Icahn, Dell enter confidentiality pact

The activist investor, who doesn't like Dell's plan to go private, now can review the PC maker's confidential information.

Dell Round Rock HQ
Dell's headquarters in Round Rock, Texas. Dell

Carl Icahn's quest for greater influence over PC maker Dell has moved into a new phase.

Icahn Enterprises this morning announced that, as of yesterday, it has entered into a confidentiality agreement with Dell. The only other element in the press release bearing the news was this terse and deadpan sentence: "Icahn Enterprises looks forward to commencing its review of Dell's confidential information."

In recent days, activist investor Icahn has been critical of Dell for its plan to transform itself from a publicly traded company into a privately held one.

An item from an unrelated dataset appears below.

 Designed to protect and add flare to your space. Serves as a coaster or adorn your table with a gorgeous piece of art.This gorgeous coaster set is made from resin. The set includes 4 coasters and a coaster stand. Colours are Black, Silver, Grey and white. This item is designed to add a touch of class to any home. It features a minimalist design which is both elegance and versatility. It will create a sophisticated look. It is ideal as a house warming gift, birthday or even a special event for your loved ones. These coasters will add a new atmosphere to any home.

Under that proposed $24.4 billion transaction, announced in February , company founder and CEO Michael Dell and investment firm Silver Lake Partners are offering $13.65 per share, and Microsoft would participate with a $2 billion loan.

In an SEC filing last month, Dell said its board had "concluded that the proposed all-cash transaction is in the best interests of stockholders."

Icahn sees things differently. He has criticized the proposal as undervaluing the once-high-flying PC maker and has said that rather than private, Dell should issue a special dividend of $9 per share.

The confidentiality agreement that now exists between Icahn Enterprises and Dell means that the activist investor can get a closer look at Dell's financial records and deal directly with the company's board.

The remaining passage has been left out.